Thursday, 21 de November de 2024 ISSN 1519-7670 - Ano 24 - nº 1315

Os segredos dos juízes

 

A transparência do poder Judiciário foi o tema do Observatório da Imprensa exibido ao vivo pela TV Brasil na terça-feira (14/2). Em sessão histórica realizada em 2/2, o Supremo Tribunal Federal (STF) devolveu ao Conselho Nacional de Justiça (CNJ) o direito de iniciar investigações contra juízes por falhas disciplinares. No ano passado, a Associação dos Magistrados Brasileiros (AMB) entrara com uma Ação Direta de Inconstitucionalidade (Adin) no STF questionando a resolução 135/11 do CNJ, que aumentava o controle do conselho.

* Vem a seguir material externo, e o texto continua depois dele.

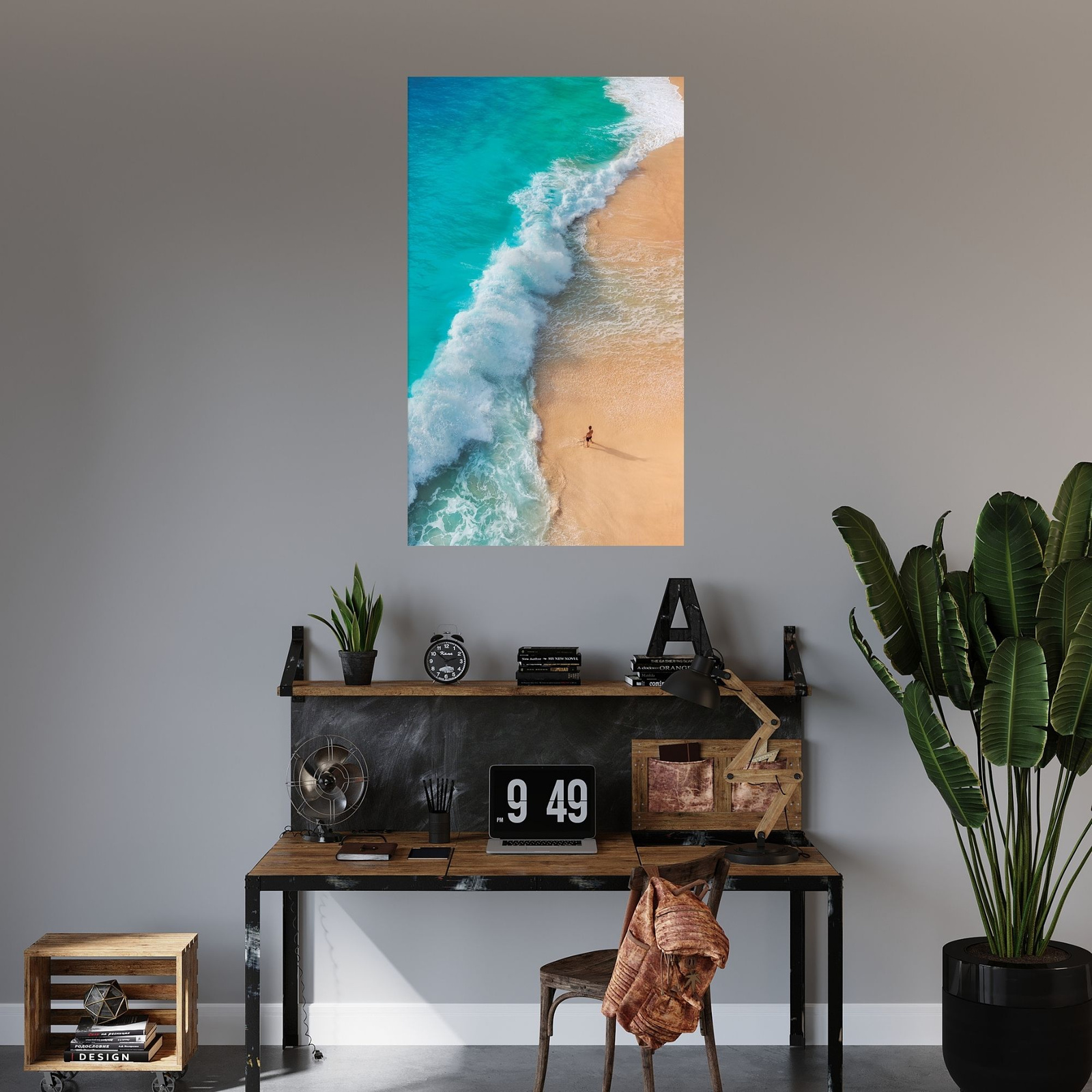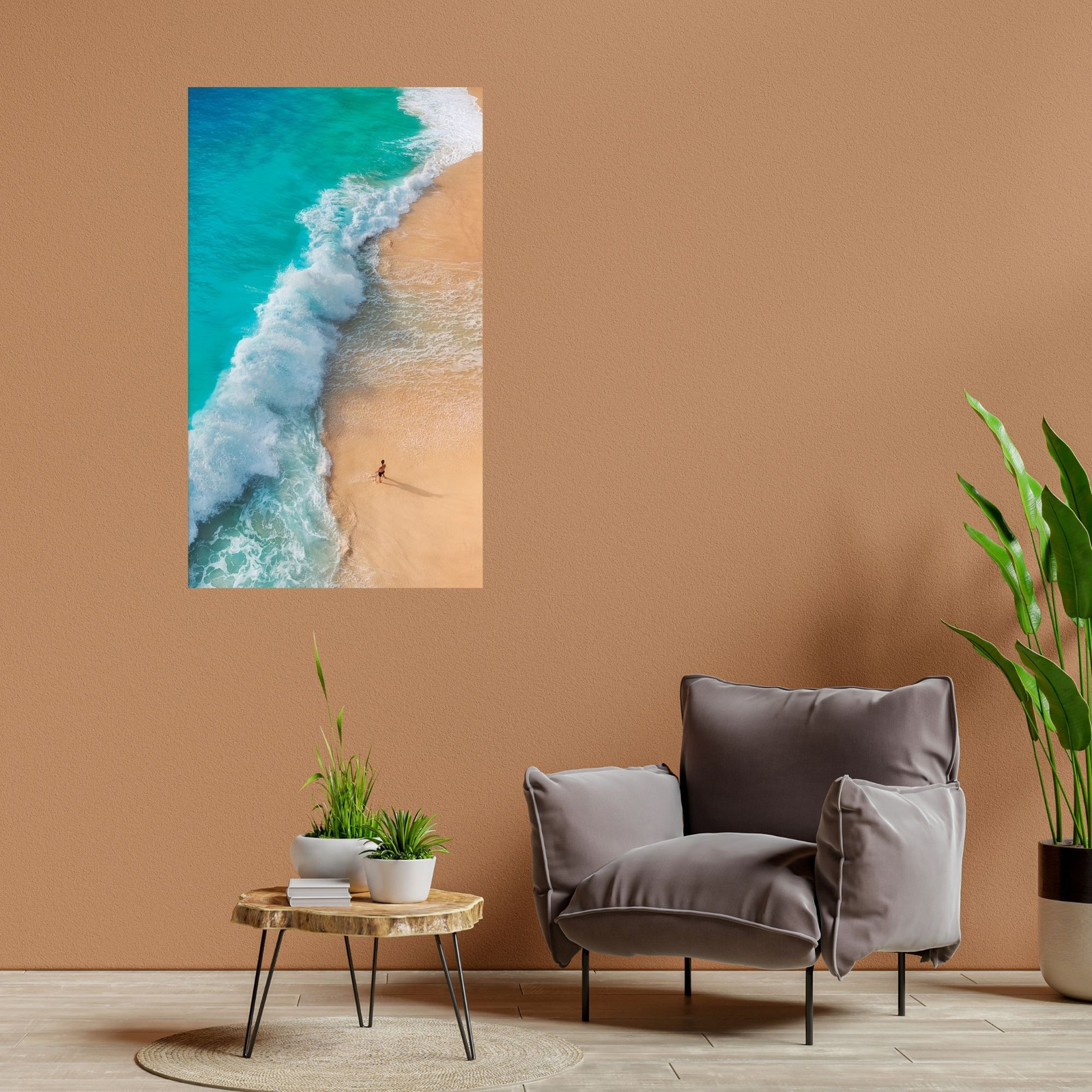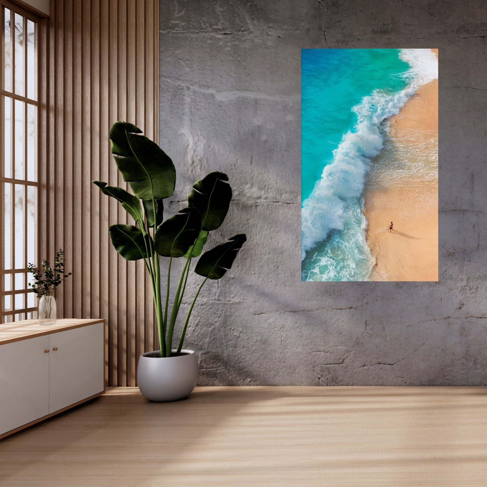 Obraz na płótnie Mężczyzna na Plaży Fale Woda Słońce 80x120 cm

Em dezembro, o ministro Marco Aurélio Mello concedera liminar restringindo as investigações sobre magistrados às corregedorias dos tribunais estaduais. O CNJ só poderia atuar em casos de omissão dos órgãos locais. O assunto levantou debates inflamados na magistratura, com trocas de farpas entre a corregedora nacional de Justiça, ministra Eliana Calmon, e o presidente do CNJ e do STF, ministro Cezar Peluso.

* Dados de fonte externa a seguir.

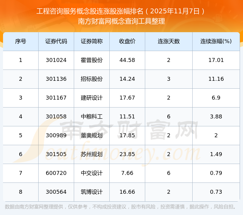 2025年11月7日工程咨詢服務(wù)概念股連漲股漲幅排名

A celeuma teve grande repercussão e foi acompanhada de perto pela imprensa. Dos três poderes que compõem a República, o Judiciário sempre foi o mais reservado. Enquanto a mídia expunha as mazelas do Executivo e do Legislativo, os magistrados resguardavam-se em sigilos e sessões fechadas. Desta vez, a imprensa ofereceu amplo espaço ao assunto em reportagens e editoriais que defendiam uma maior transparência do Judiciário.

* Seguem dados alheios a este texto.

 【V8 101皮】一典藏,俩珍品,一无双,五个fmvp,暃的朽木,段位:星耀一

Para discutir este tema, o programa recebeu no estúdio de São Paulo Wálter Maierovitch, desembargador aposentado do Tribunal de Justiça de São Paulo, e o diretor executivo da Transparência Brasil, Claudio Weber Abramo. Maierovitch fundou e preside o Instituto Brasileiro Giovanni Falcone de Ciências Criminais e foi secretário Nacional Antidrogas. Graduado em Matemática pela Universidade de São Paulo (USP), Abramo é mestre em Lógica e Filosofia da Ciência pela Universidade Estadual de Campinas (Unicamp). Em Brasília, Observatório contou com a presença de Cláudio de Souza Neto, presidente da Comissão Nacional de Estudos Constitucionais da Ordem dos Advogados do Brasil (OAB) e professor de Direito Constitucional da Universidade Federal Fluminense (UFF).

A mídia perde o medo

Em editorial, Dines ressaltou que a democracia brasileira avançou em direção à sua plenitude com a decisão do Supremo, pois consagrou os princípios de isonomia e de transparência: “Foi uma vitória da corregedora nacional de Justiça, ministra Eliana Calmon, mas foi também uma vitória da imprensa, que de forma inédita lembrou-se da antiga galhardia, venceu antigos temores e mobilizou a sociedade para enfrentar a prepotência togada”. Dines sublinhou que o CNJ não é um órgão auxiliar, simboliza o equilíbrio dos poderes.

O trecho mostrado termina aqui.